## EXERCISE INSTRUCTIONS:
Reproduce each line of the material exactly, minus any picture.

(PROVIDED MATERIAL begins)

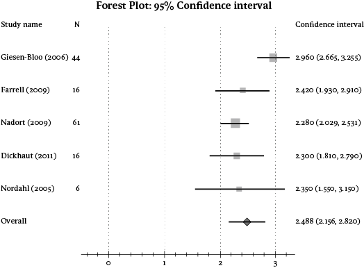 Figuur 1 Meta-analyse van studies naar ambulante schematherapie voor borderline-persoonlijkheidsstoornis: pre-post-changes (uit: Jacob & Arntz, 2013)
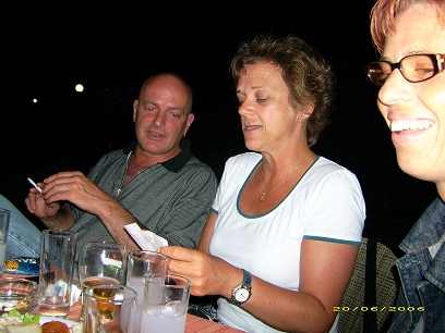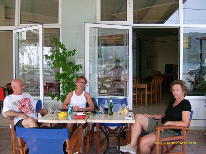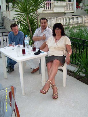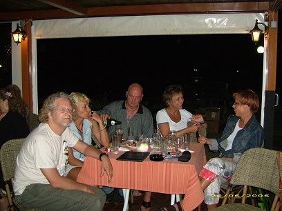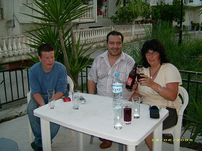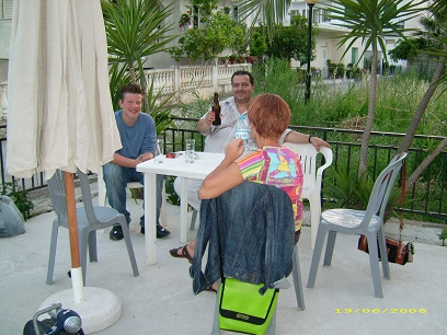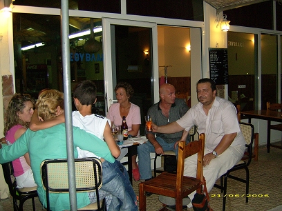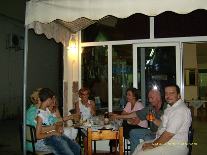 Wir waren Donnerstag nochmal in Ammoudia, Sonne tanken und Strandschönheiten bewundern *g Donnerstag Abend saßen wir mit Vicky und Vangelis gemütlich bei Vassilis um nochmal Souvlaki und diverses zu essen, als Vangelis meinte, die ehemalige Disco hätte heute Eröffnung als Bouzukia Kneipe und er wolle uns dorthin ausführen...nach längerem hin-und her brachen wir dann auf und saßen erstmal, gemeinsam mit Vasilis in der dortigen Strandbar, bevor wir dann gegen 1 Uhr in die Kneipe reingingen. Dort haben wir dann den zweiten seltsamen Typen vom Fußballspiel als guten Bouzukia Sänger erlebt. Es war ein wirklich toller Abend, vorallem, da es mein erster Bouzukia Abend überhaupt war. Gegen 3 Uhr waren wir dann in unserern Zimmern, mussten wir nich am nächsten Tag nach Saloniki fahren. |
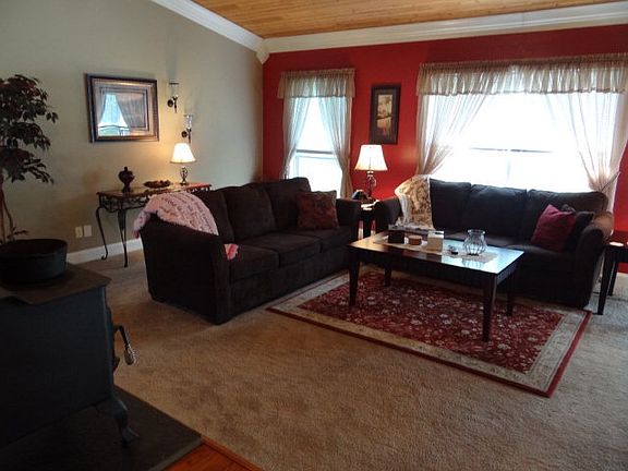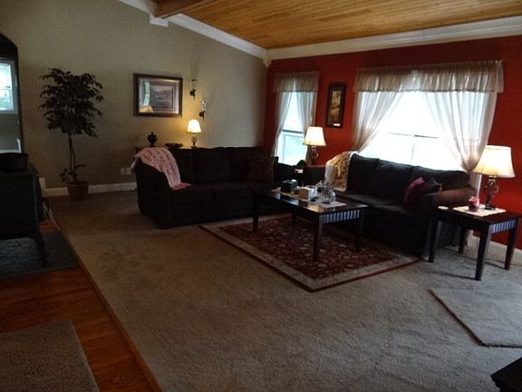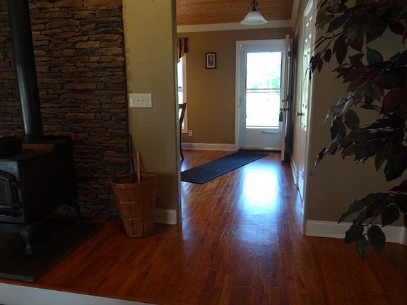 Exceptionally clean home! Lovely home with @3.6 acres sits back from the road, offering pretty country scene, cooling breezes, and private back yard. Many updates have been made to this home. The master bathroom has been redesigned and a low step-in shower was added. Throughout the home are many windows allowing lovely views from any area. A wood burning stove has been added to offer comfort for winter back up heat. The kitchen is a good layout for cooking, serving, and clean-up. Crisp black stove, range hood, dishwasher, and refrigerator remain with the home. Pretty kitchen cabinets, solid surface counter tops, eating/serving bar area. This is a different split bedroom plan - I think you will find it much better than most. When entering, from the attached garage, you step into the utility room with ceramic tile flooring - ideal to bring in your belongings and set them down.
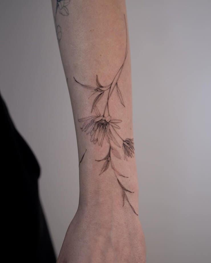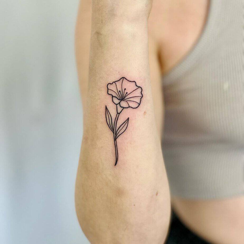 If you want something classic and dainty, this one’s calling your name — both an aster and a morning glory, done in fine line on the upper arm. It’s visually gentle but emotionally packed: asters nod to change while the morning glory whispers new beginnings, a little tattoo reminder that you can always start again.

(PROVIDED MATERIAL ends)

## REPLY TO THE TASK:
 Figuur 1 Meta-analyse van studies naar ambulante schematherapie voor borderline-persoonlijkheidsstoornis: pre-post-changes (uit: Jacob & Arntz, 2013)
 Wir waren Donnerstag nochmal in Ammoudia, Sonne tanken und Strandschönheiten bewundern *g Donnerstag Abend saßen wir mit Vicky und Vangelis gemütlich bei Vassilis um nochmal Souvlaki und diverses zu essen, als Vangelis meinte, die ehemalige Disco hätte heute Eröffnung als Bouzukia Kneipe und er wolle uns dorthin ausführen...nach längerem hin-und her brachen wir dann auf und saßen erstmal, gemeinsam mit Vasilis in der dortigen Strandbar, bevor wir dann gegen 1 Uhr in die Kneipe reingingen. Dort haben wir dann den zweiten seltsamen Typen vom Fußballspiel als guten Bouzukia Sänger erlebt. Es war ein wirklich toller Abend, vorallem, da es mein erster Bouzukia Abend überhaupt war. Gegen 3 Uhr waren wir dann in unserern Zimmern, mussten wir nich am nächsten Tag nach Saloniki fahren. |
 Exceptionally clean home! Lovely home with @3.6 acres sits back from the road, offering pretty country scene, cooling breezes, and private back yard. Many updates have been made to this home. The master bathroom has been redesigned and a low step-in shower was added. Throughout the home are many windows allowing lovely views from any area. A wood burning stove has been added to offer comfort for winter back up heat. The kitchen is a good layout for cooking, serving, and clean-up. Crisp black stove, range hood, dishwasher, and refrigerator remain with the home. Pretty kitchen cabinets, solid surface counter tops, eating/serving bar area. This is a different split bedroom plan - I think you will find it much better than most. When entering, from the attached garage, you step into the utility room with ceramic tile flooring - ideal to bring in your belongings and set them down.
 If you want something classic and dainty, this one’s calling your name — both an aster and a morning glory, done in fine line on the upper arm. It’s visually gentle but emotionally packed: asters nod to change while the morning glory whispers new beginnings, a little tattoo reminder that you can always start again.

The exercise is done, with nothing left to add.